_Exercise description_
Please retype every record exactly as it appears, omitting the pictures.

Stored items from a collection
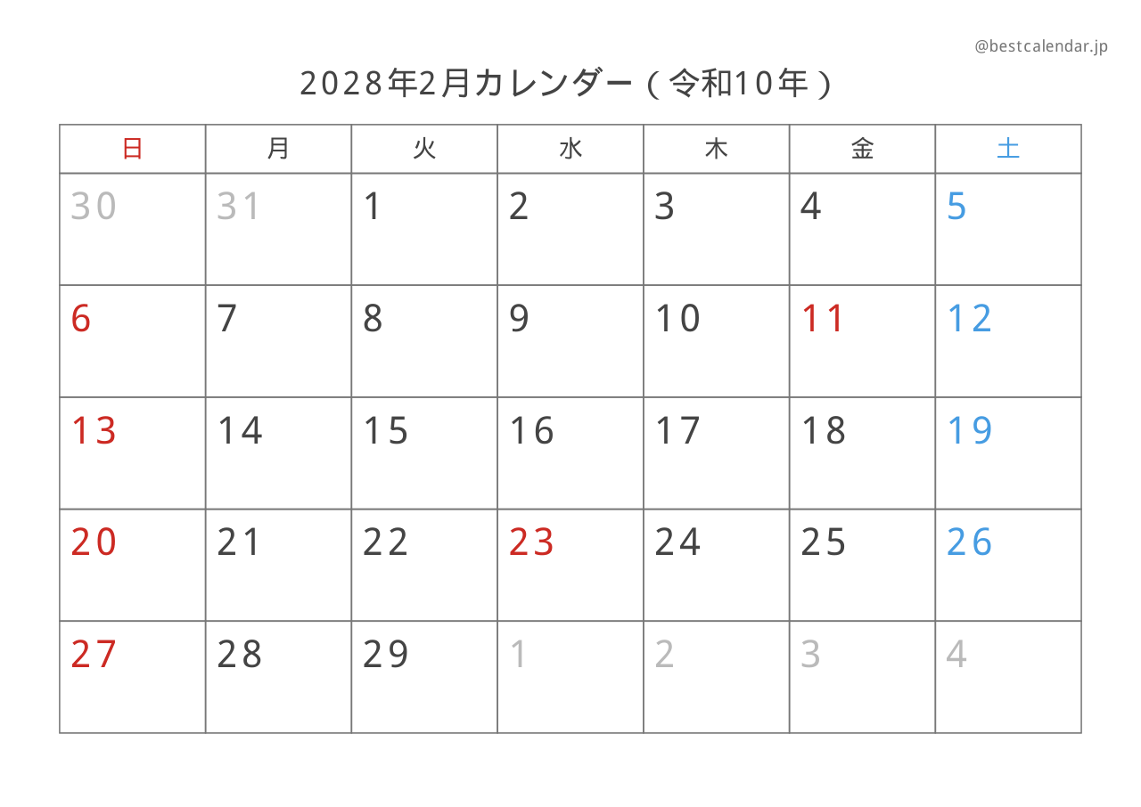 2028年2月のカレンダーです。A4サイズ横向きで印刷に最適化されています。
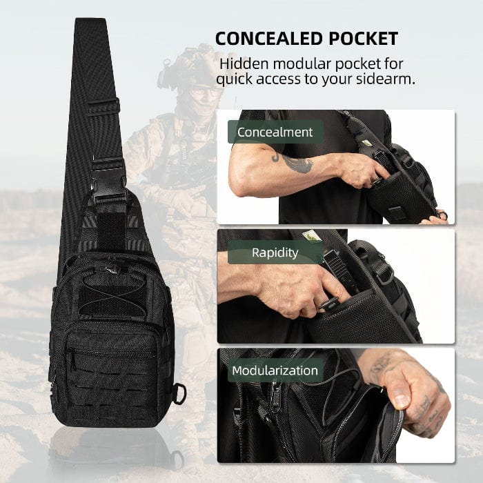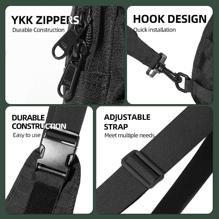 The sidearm bag serves as a stylish tactical belt for daily use by security personnel and tactical enthusiasts. Made from 1000D nylon and featuring YKK zippers, the bag ensures long-lasting durability. Additionally, there is a hidden modular pocket at the back of the bag for quick release of your side piece (suitable for all types of sidearms).
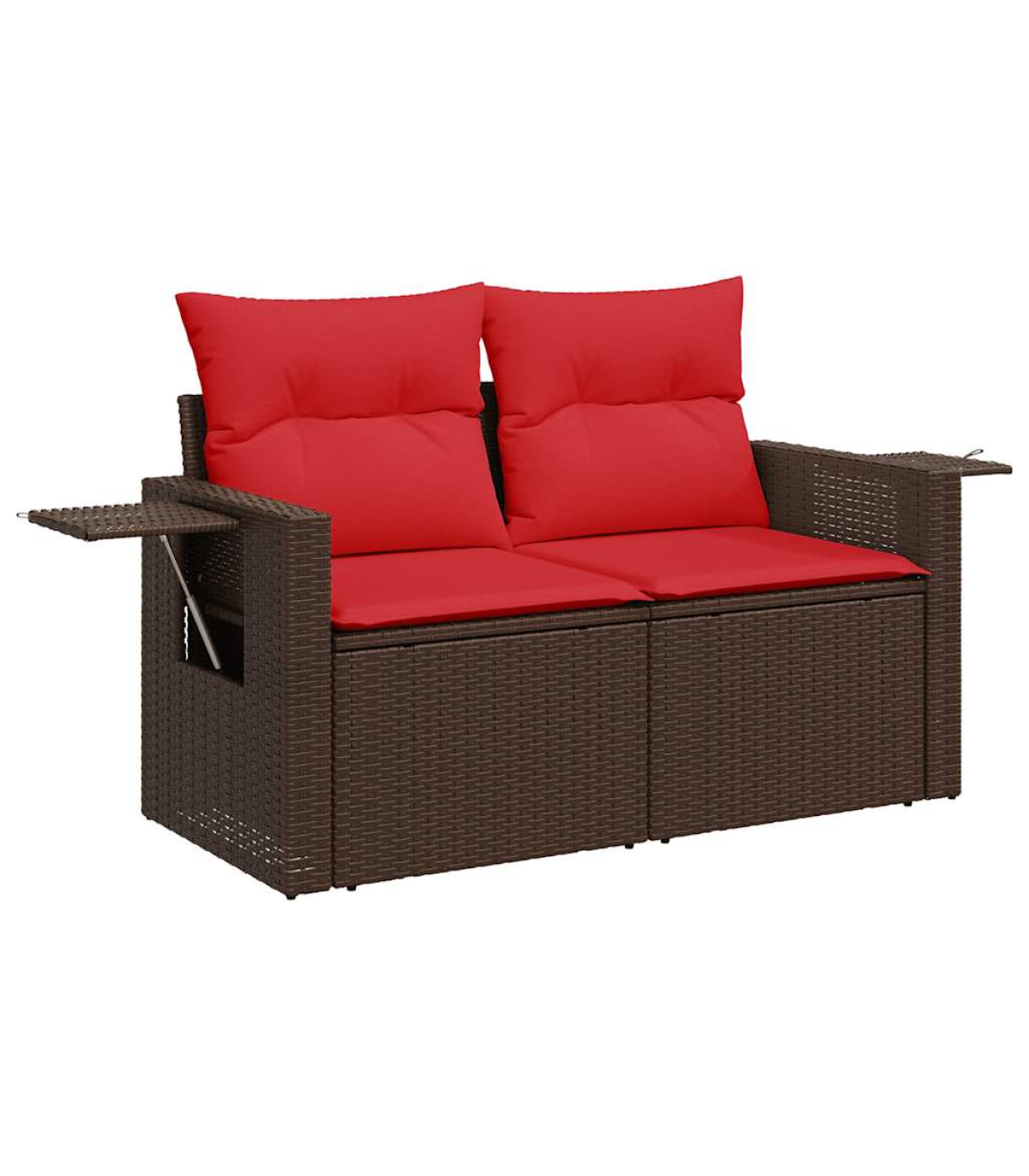 This garden sofa set is the perfect addition to your backyard, terrace, or patio, providing a comfortable and inviting space for chatting with family and friends or simply relaxing and enjoying the outdoors.Durable material: PE rattan, also known as poly rattan, is a strong, low-maintenance synthetic material that looks like natural rattan. It's lightweight, easy to clean, and commonly used for outdoor furniture due to its durability and weather-resistant properties.Storage function with water-resistant bag: Each garden seat features storage space under the seat, complete with a water-resistant bag for storing cushions, toys, and other items. The inner bags have a top cover and can be securely fastened to the seats with hook-and-loop fasteners for added stability.Convenient side table: This outdoor furniture features a foldable side table with a gas spring, providing a convenient spot to keep your essentials within easy reach.Removable and washable cover: These seat cushions feature removable covers for easy washing and maintenance.Modular design: This outdoor furniture set has a modular design, making it completely flexible and easy to move around, so you can create a customised outdoor furniture arrangement.Good to know:To make sure your outdoor furniture stays beautiful, we recommend protecting it with a waterproof cover.
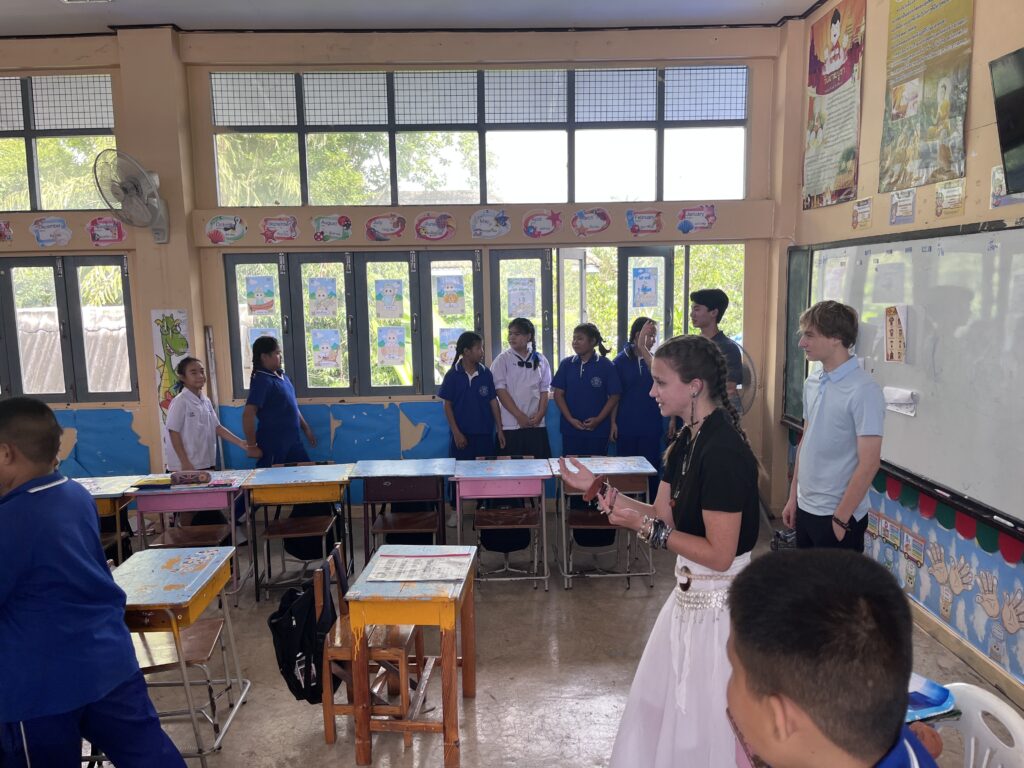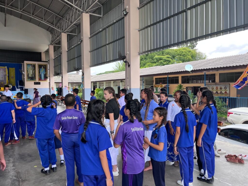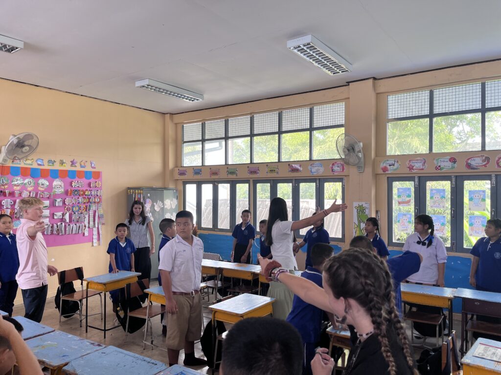 Today was another rewarding day of teaching and bonding with the kids at the local elementary school. We spent the morning working with students from grades 4 through 6, guiding them through activities and lessons until around noon. Afterward we shared a lunch at the school, where the kids introduced us to a fun local Thai game and the whole school joined in. It was a perfect opportunity for everyone to relax, laugh and connect on a more personal level.
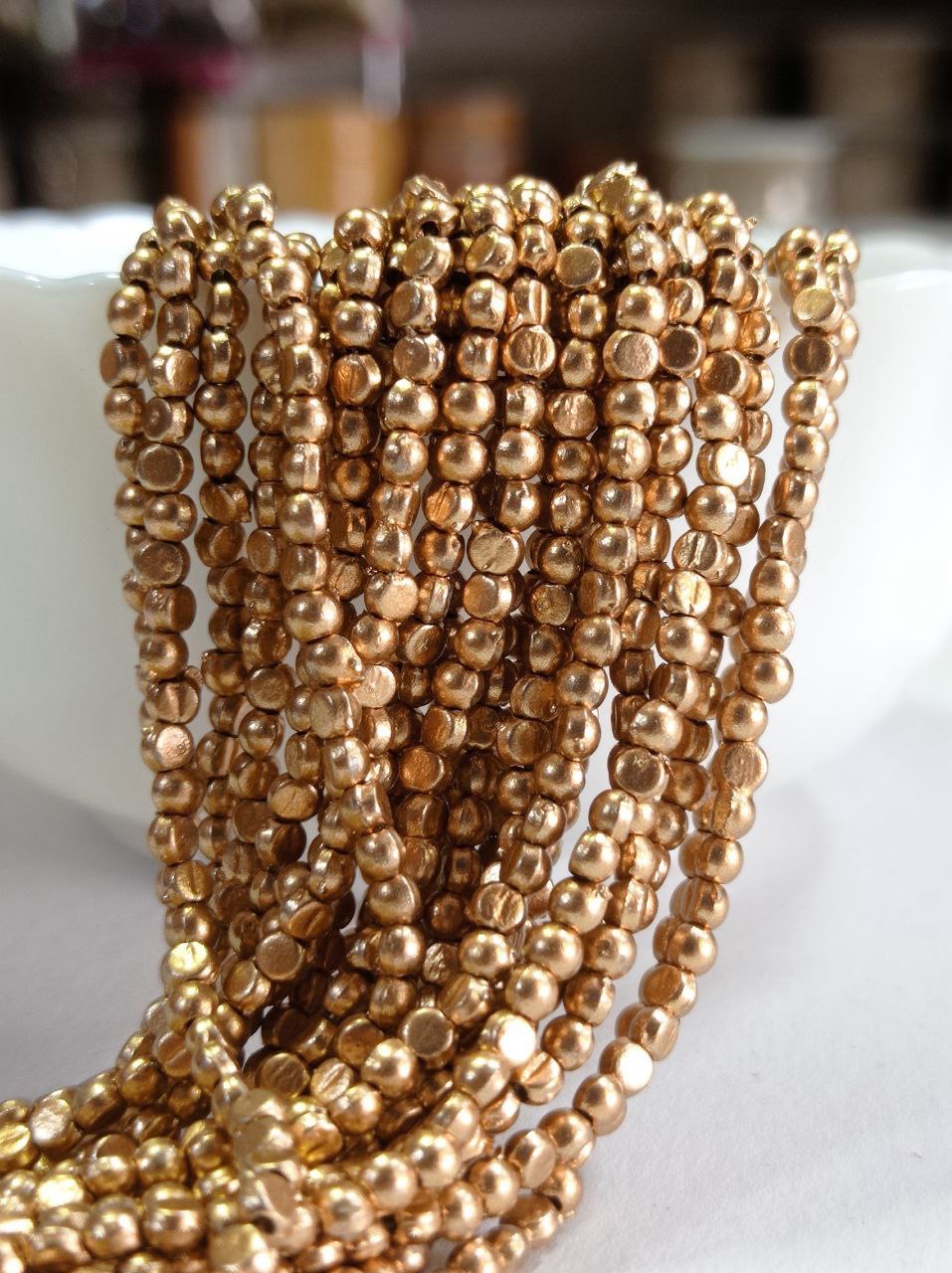 LeCraft Royal Premium Metallic Half Beads – 4mm Faceted Copper for Aari Work & Embroidery(100Beads x 12Lines per bunch)
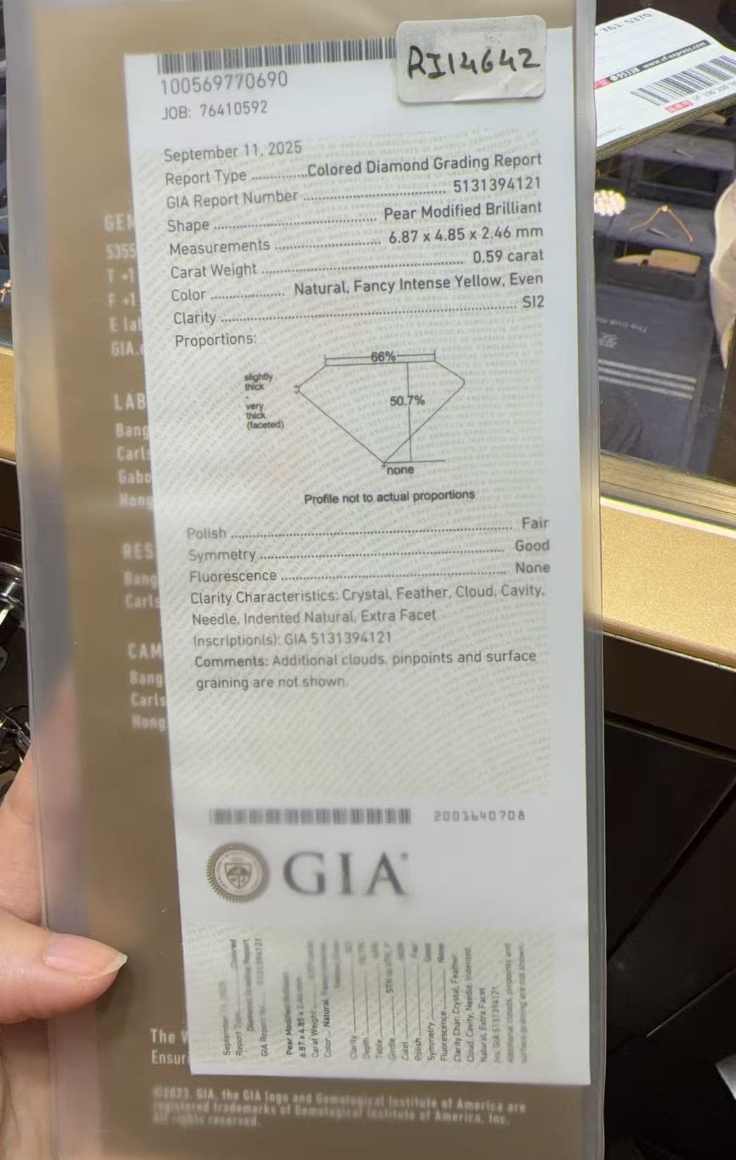 Main Diamond: 0.59ct Fancy Intense Yellow
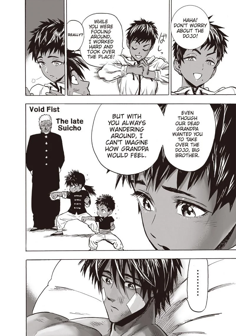 Deep beneath the surface, Garou emerges from a mass of concrete, physically and mentally recovering from his previous encounters. The chapter provides readers with a fascinating glimpse into Garou’s mindset. He ponders why each defeat seems to make him stronger and realizes he is inching closer to embodying the monster he aspires to become.
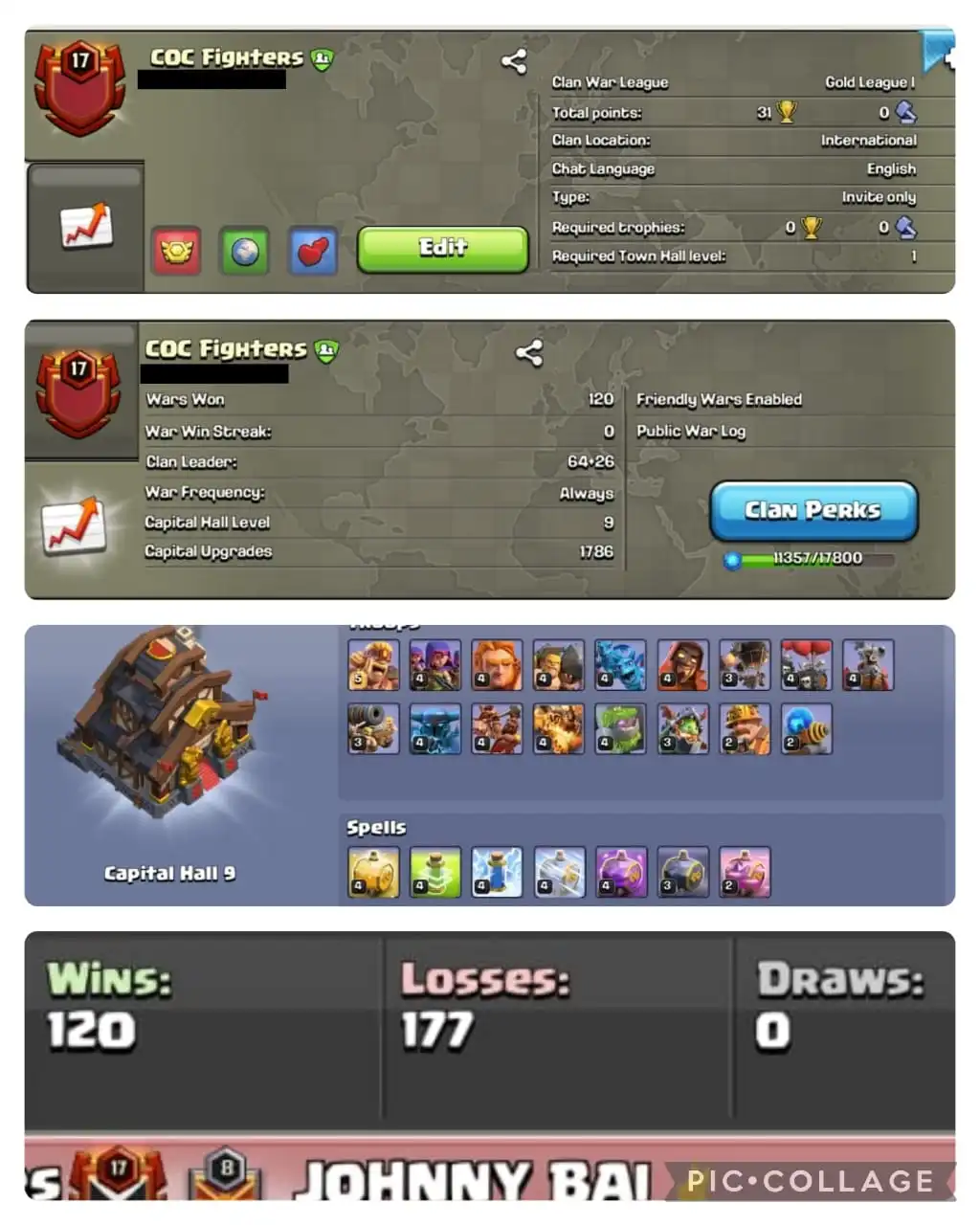 🔥NAME- COC Fighters | 💥LVL- 17 |☠️ WARLOG W-L-D: 120-177-0 | CWL LEAGUE : GOLD 1🏆 | CC: NEAR 10!!⚡⚡
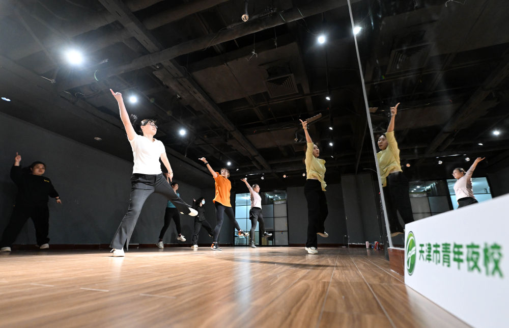 ↑4月23日,在天津青年宮,學(xué)員呂昕蕾(前)等在青年夜校民族舞課上練習(xí)。
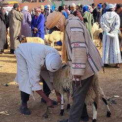 Guelmim ist eine richtige Wüstenstadt, in die wir auf breiten Strassen durch riesige Tore hineinrollen. Auch als Tor zur Sahara wird diese Garnisons-und Grenzstadt benannt. Die Westsahara ist jetzt nicht mehr weit. Unser Hauptgrund für den Besuch gilt dem Markt, welcher auf der Strecke in Richtung Tan Tan, jeden Samstagmorgen stattfindet. Ursprünglich wurden hier Kamele gehandelt, denn Guelmim war seit Jahrhunderten eine wichtige Karawanenstadt auf dem Weg nach Timbuktu (Mali). Heute sind es hauptsächlich Ziegen, Schafe und Kühe, welche auf dem Viehmarkt ihren Besitzer wechseln. Doch gibt es auch Kamele (Dromedare), welche feilgeboten werden. Ein Targi /Tuareg spricht uns an und meint lachend, ob wir an einem Kamel interessiert sind. Der Preis für ein solches beträgt ungefähr 10'000 MAD /ungef. Chf 900.--. Ein weisses Dromedar kostet jedoch mehr, da es bereits aus 50 Kilometern Entfernung Wasser in der Wüste riechen kann. Das hat natürlich seinen Preis!
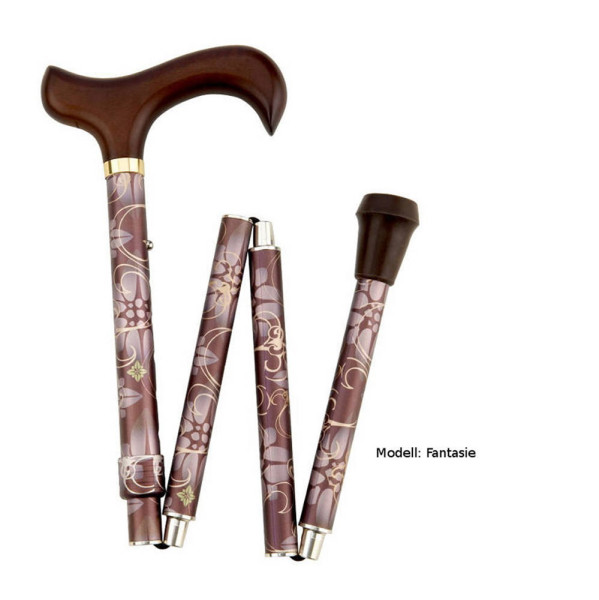 Die Deluxe-Schlank-Faltstöcke, für die elegante Frau, bestechen durch Ihre edle Optik, hohe Stabilität und die leichte Handhabung. Sie werden nicht wie normale Faltstöcke über die Rohrenden zusammengesteckt, sondern nahezu unsichtbar über spezielle Verbindungsteile verbunden. 4 teiliger Faltstock 2 verschiedene Variationen erhältlich Derbygriff aus Hartholz Stock aus Aluminium Maße: verstellbar 76 – 86 cm Durchmesser 19 16 mm Gewicht ca. 290 g geeignet für Personen bis ca 100 kg Modelle: “Fantasie” – Ornament-Dekor, beige silber, Satin-Finish “Spitzenklasse” – silber mit Dekor aus echter Spitze Lieferumfang: 1 Deluxe-Schlank-Faltstock im gewählten Modell Gummipuffer

_Task result_
 2028年2月のカレンダーです。A4サイズ横向きで印刷に最適化されています。
 The sidearm bag serves as a stylish tactical belt for daily use by security personnel and tactical enthusiasts. Made from 1000D nylon and featuring YKK zippers, the bag ensures long-lasting durability. Additionally, there is a hidden modular pocket at the back of the bag for quick release of your side piece (suitable for all types of sidearms).
 This garden sofa set is the perfect addition to your backyard, terrace, or patio, providing a comfortable and inviting space for chatting with family and friends or simply relaxing and enjoying the outdoors.Durable material: PE rattan, also known as poly rattan, is a strong, low-maintenance synthetic material that looks like natural rattan. It's lightweight, easy to clean, and commonly used for outdoor furniture due to its durability and weather-resistant properties.Storage function with water-resistant bag: Each garden seat features storage space under the seat, complete with a water-resistant bag for storing cushions, toys, and other items. The inner bags have a top cover and can be securely fastened to the seats with hook-and-loop fasteners for added stability.Convenient side table: This outdoor furniture features a foldable side table with a gas spring, providing a convenient spot to keep your essentials within easy reach.Removable and washable cover: These seat cushions feature removable covers for easy washing and maintenance.Modular design: This outdoor furniture set has a modular design, making it completely flexible and easy to move around, so you can create a customised outdoor furniture arrangement.Good to know:To make sure your outdoor furniture stays beautiful, we recommend protecting it with a waterproof cover.
 Today was another rewarding day of teaching and bonding with the kids at the local elementary school. We spent the morning working with students from grades 4 through 6, guiding them through activities and lessons until around noon. Afterward we shared a lunch at the school, where the kids introduced us to a fun local Thai game and the whole school joined in. It was a perfect opportunity for everyone to relax, laugh and connect on a more personal level.
 LeCraft Royal Premium Metallic Half Beads – 4mm Faceted Copper for Aari Work & Embroidery(100Beads x 12Lines per bunch)
 Main Diamond: 0.59ct Fancy Intense Yellow
 Deep beneath the surface, Garou emerges from a mass of concrete, physically and mentally recovering from his previous encounters. The chapter provides readers with a fascinating glimpse into Garou’s mindset. He ponders why each defeat seems to make him stronger and realizes he is inching closer to embodying the monster he aspires to become.
 🔥NAME- COC Fighters | 💥LVL- 17 |☠️ WARLOG W-L-D: 120-177-0 | CWL LEAGUE : GOLD 1🏆 | CC: NEAR 10!!⚡⚡
 ↑4月23日,在天津青年宮,學(xué)員呂昕蕾(前)等在青年夜校民族舞課上練習(xí)。
 Guelmim ist eine richtige Wüstenstadt, in die wir auf breiten Strassen durch riesige Tore hineinrollen. Auch als Tor zur Sahara wird diese Garnisons-und Grenzstadt benannt. Die Westsahara ist jetzt nicht mehr weit. Unser Hauptgrund für den Besuch gilt dem Markt, welcher auf der Strecke in Richtung Tan Tan, jeden Samstagmorgen stattfindet. Ursprünglich wurden hier Kamele gehandelt, denn Guelmim war seit Jahrhunderten eine wichtige Karawanenstadt auf dem Weg nach Timbuktu (Mali). Heute sind es hauptsächlich Ziegen, Schafe und Kühe, welche auf dem Viehmarkt ihren Besitzer wechseln. Doch gibt es auch Kamele (Dromedare), welche feilgeboten werden. Ein Targi /Tuareg spricht uns an und meint lachend, ob wir an einem Kamel interessiert sind. Der Preis für ein solches beträgt ungefähr 10'000 MAD /ungef. Chf 900.--. Ein weisses Dromedar kostet jedoch mehr, da es bereits aus 50 Kilometern Entfernung Wasser in der Wüste riechen kann. Das hat natürlich seinen Preis!
 Die Deluxe-Schlank-Faltstöcke, für die elegante Frau, bestechen durch Ihre edle Optik, hohe Stabilität und die leichte Handhabung. Sie werden nicht wie normale Faltstöcke über die Rohrenden zusammengesteckt, sondern nahezu unsichtbar über spezielle Verbindungsteile verbunden. 4 teiliger Faltstock 2 verschiedene Variationen erhältlich Derbygriff aus Hartholz Stock aus Aluminium Maße: verstellbar 76 – 86 cm Durchmesser 19 16 mm Gewicht ca. 290 g geeignet für Personen bis ca 100 kg Modelle: “Fantasie” – Ornament-Dekor, beige silber, Satin-Finish “Spitzenklasse” – silber mit Dekor aus echter Spitze Lieferumfang: 1 Deluxe-Schlank-Faltstock im gewählten Modell Gummipuffer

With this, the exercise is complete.